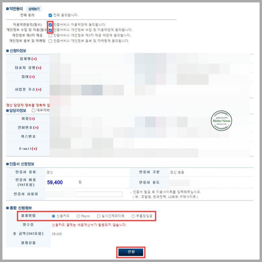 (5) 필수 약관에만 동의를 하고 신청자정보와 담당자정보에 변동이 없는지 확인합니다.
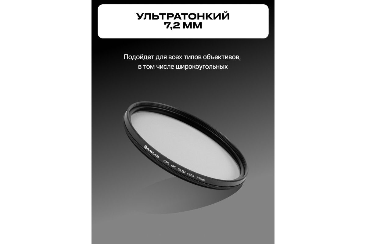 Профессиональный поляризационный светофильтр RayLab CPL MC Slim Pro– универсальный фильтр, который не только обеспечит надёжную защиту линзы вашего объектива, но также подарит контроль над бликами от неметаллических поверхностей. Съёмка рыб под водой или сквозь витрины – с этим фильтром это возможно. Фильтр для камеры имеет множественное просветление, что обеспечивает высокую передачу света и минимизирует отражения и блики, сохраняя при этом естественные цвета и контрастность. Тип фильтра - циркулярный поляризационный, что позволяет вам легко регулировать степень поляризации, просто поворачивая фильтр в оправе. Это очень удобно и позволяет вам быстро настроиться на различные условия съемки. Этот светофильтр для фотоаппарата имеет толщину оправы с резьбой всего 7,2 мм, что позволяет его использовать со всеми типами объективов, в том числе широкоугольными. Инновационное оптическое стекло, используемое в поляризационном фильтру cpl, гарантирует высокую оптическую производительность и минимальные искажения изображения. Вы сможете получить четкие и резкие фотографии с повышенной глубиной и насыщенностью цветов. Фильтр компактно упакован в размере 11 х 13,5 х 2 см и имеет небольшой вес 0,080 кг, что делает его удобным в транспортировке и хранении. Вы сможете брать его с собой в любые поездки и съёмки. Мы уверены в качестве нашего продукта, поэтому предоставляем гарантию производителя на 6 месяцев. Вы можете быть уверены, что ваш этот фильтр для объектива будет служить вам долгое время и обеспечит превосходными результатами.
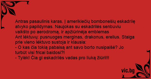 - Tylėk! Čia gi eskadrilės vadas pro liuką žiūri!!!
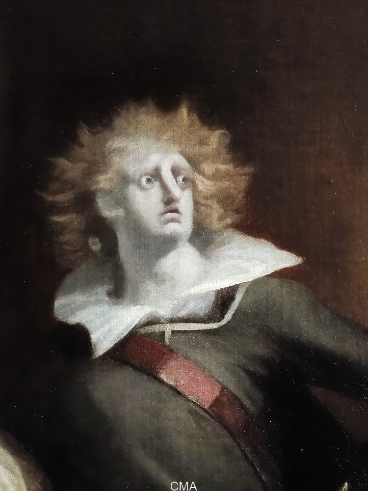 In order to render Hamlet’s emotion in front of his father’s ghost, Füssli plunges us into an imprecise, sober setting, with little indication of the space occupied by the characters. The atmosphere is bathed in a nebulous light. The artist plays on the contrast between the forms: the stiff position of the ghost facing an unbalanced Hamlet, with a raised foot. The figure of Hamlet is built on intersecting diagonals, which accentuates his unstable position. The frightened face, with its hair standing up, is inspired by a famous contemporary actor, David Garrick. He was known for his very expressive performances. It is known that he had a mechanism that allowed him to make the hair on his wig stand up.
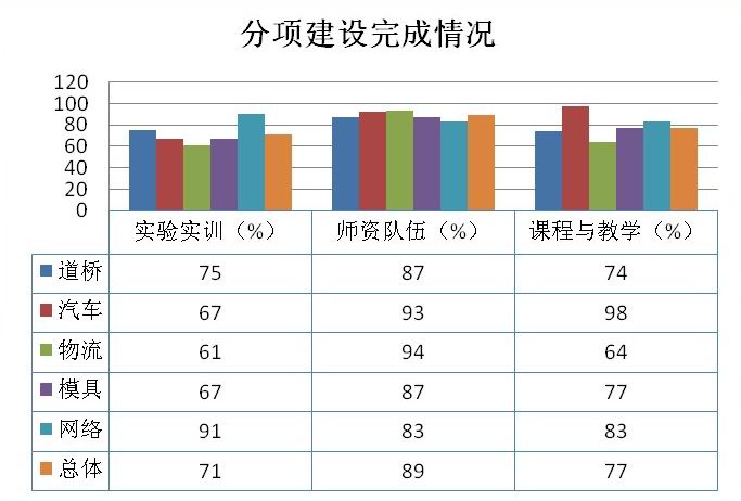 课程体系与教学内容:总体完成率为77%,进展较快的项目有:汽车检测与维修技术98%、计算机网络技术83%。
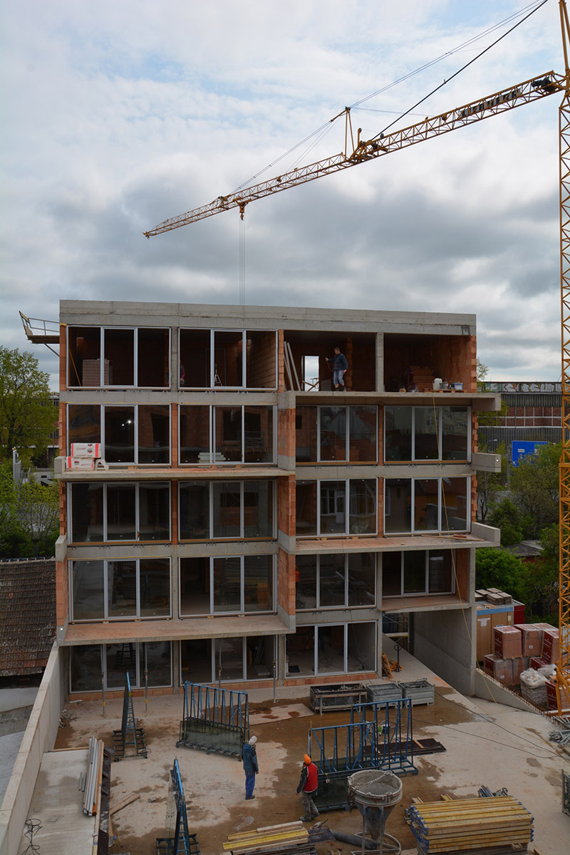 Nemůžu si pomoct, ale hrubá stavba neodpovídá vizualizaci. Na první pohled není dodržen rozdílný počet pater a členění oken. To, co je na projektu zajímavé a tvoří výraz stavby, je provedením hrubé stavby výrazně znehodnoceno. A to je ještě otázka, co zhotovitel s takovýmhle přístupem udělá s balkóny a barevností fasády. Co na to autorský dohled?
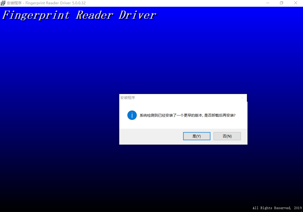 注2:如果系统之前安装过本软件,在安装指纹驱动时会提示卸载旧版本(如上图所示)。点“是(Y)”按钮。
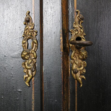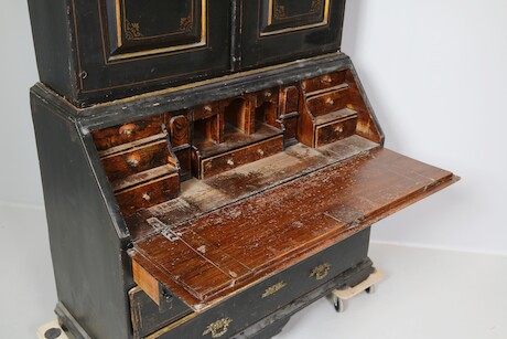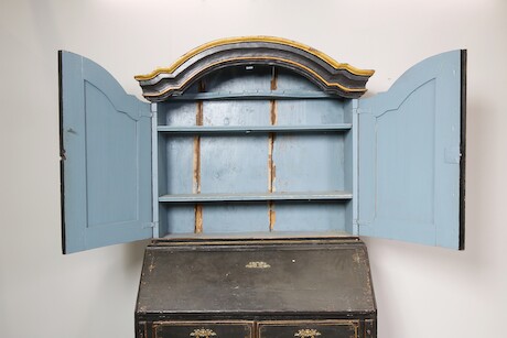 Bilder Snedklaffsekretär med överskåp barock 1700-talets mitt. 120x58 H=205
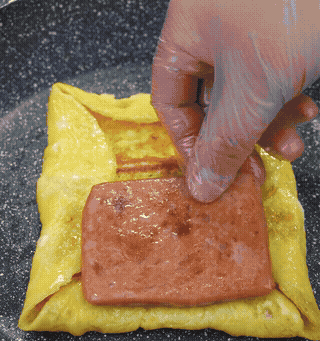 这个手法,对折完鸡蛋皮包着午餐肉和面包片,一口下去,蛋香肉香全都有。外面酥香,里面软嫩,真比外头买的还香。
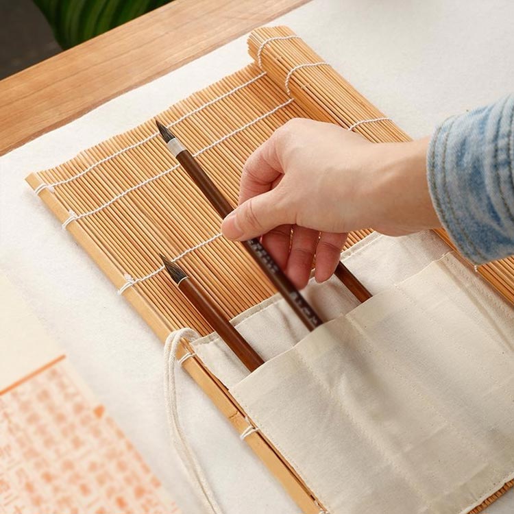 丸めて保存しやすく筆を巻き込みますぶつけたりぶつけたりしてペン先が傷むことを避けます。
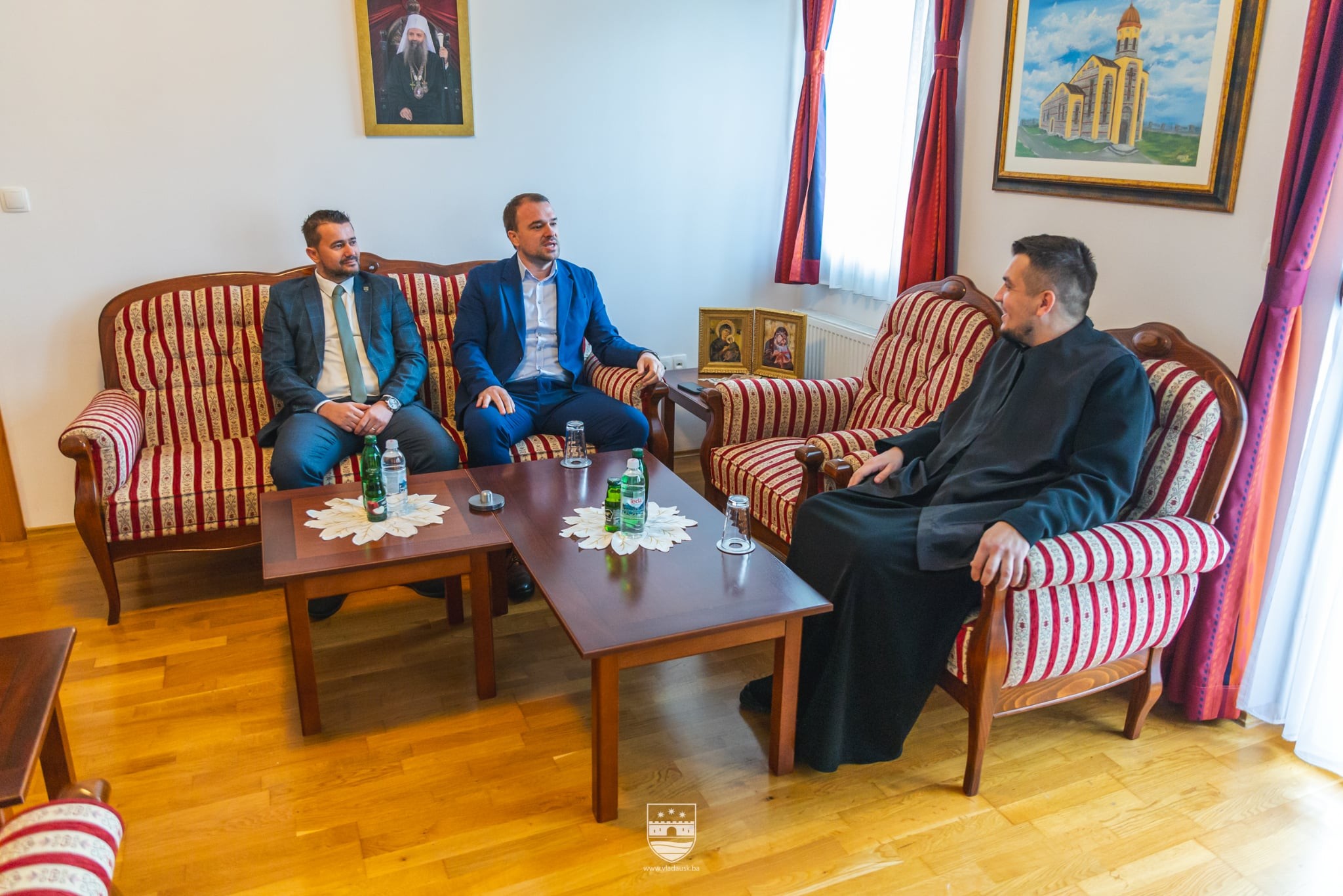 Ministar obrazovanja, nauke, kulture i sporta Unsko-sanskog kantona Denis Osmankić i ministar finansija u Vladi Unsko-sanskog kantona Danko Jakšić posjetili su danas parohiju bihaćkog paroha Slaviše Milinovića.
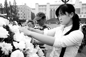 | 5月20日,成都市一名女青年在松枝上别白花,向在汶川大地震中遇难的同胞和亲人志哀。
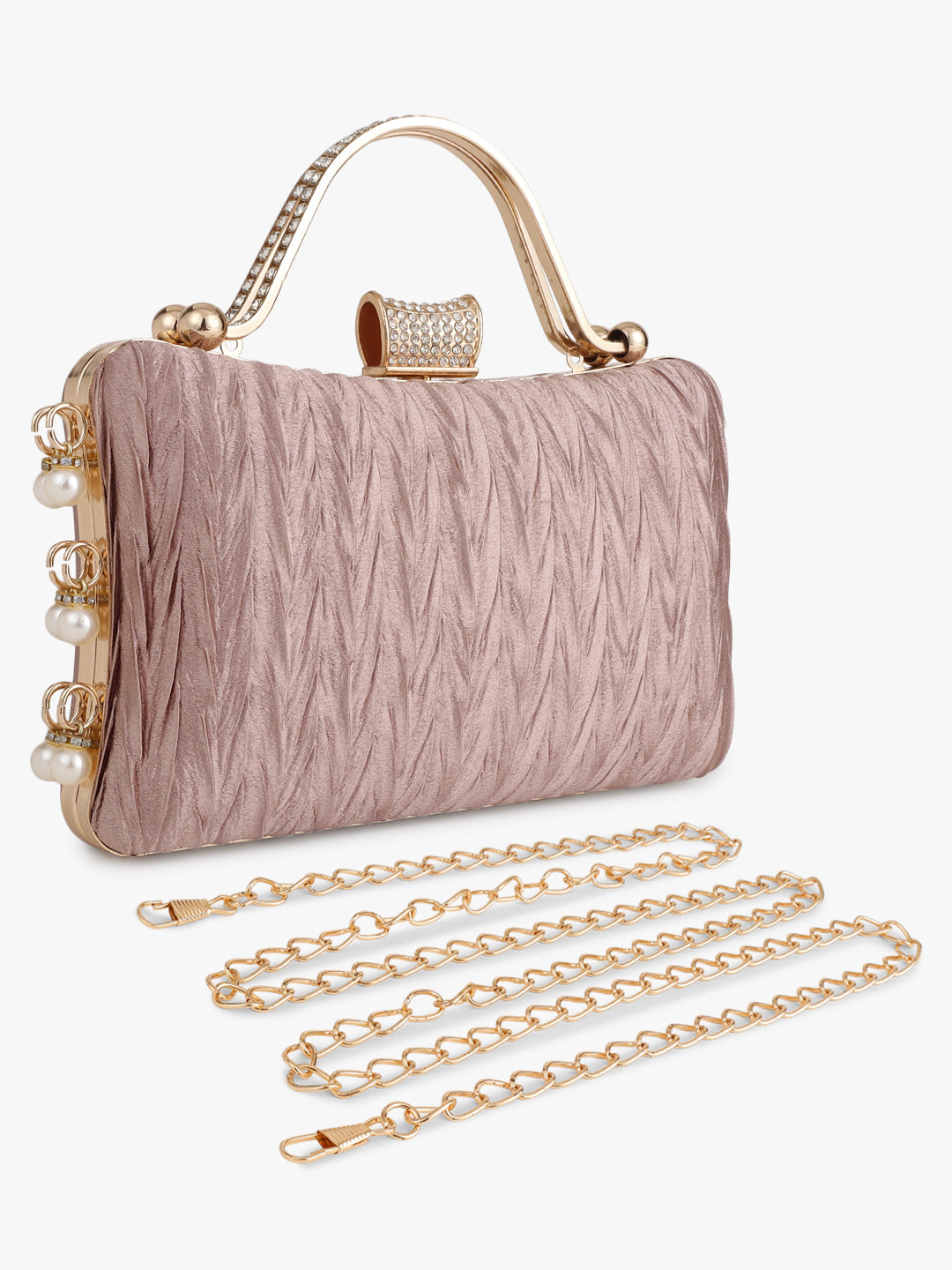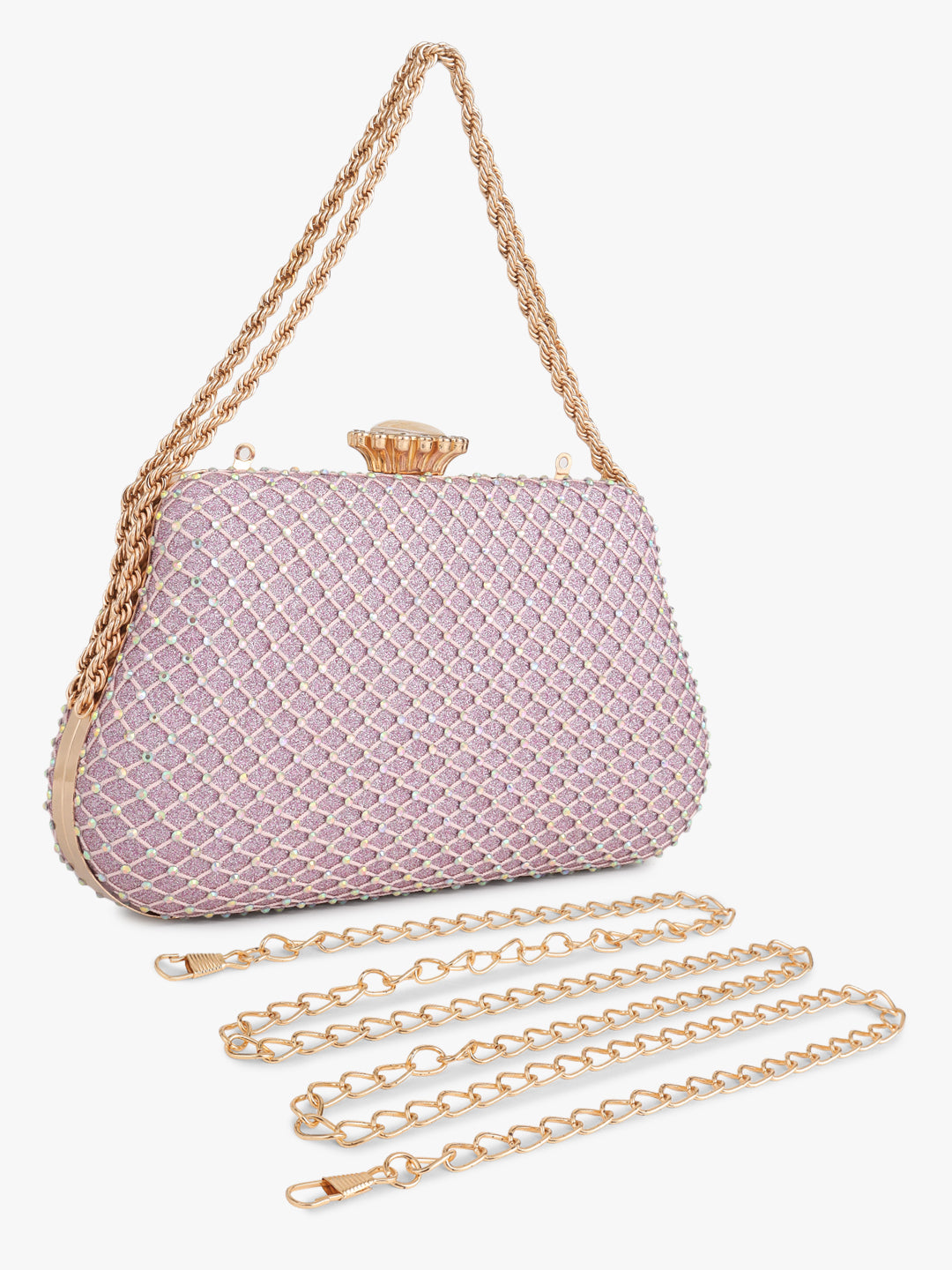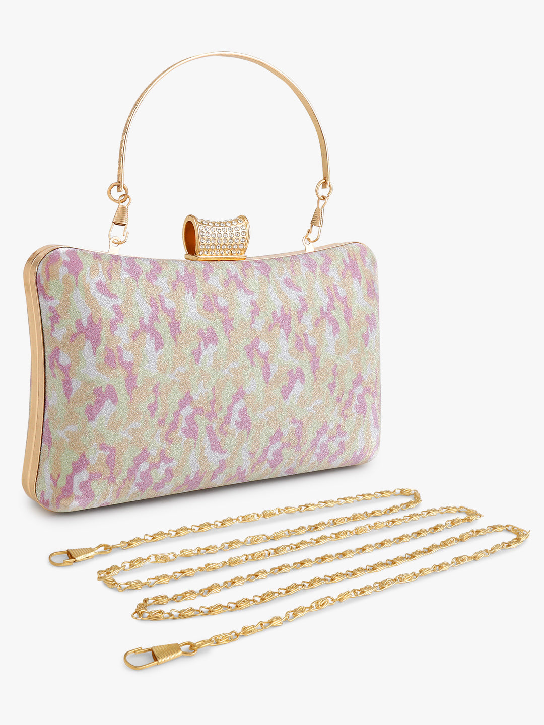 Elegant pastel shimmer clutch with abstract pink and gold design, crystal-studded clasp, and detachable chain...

* * * * *

▶ Description of the task
Locate "Bilder Snedklaffsekretär med" in the entries above. Copy, exactly and only, the lines from that line to the end, leaving out the pictures.

▶ Solution for this problem
 Bilder Snedklaffsekretär med överskåp barock 1700-talets mitt. 120x58 H=205
 这个手法,对折完鸡蛋皮包着午餐肉和面包片,一口下去,蛋香肉香全都有。外面酥香,里面软嫩,真比外头买的还香。
 丸めて保存しやすく筆を巻き込みますぶつけたりぶつけたりしてペン先が傷むことを避けます。
 Ministar obrazovanja, nauke, kulture i sporta Unsko-sanskog kantona Denis Osmankić i ministar finansija u Vladi Unsko-sanskog kantona Danko Jakšić posjetili su danas parohiju bihaćkog paroha Slaviše Milinovića.
 | 5月20日,成都市一名女青年在松枝上别白花,向在汶川大地震中遇难的同胞和亲人志哀。
 Elegant pastel shimmer clutch with abstract pink and gold design, crystal-studded clasp, and detachable chain...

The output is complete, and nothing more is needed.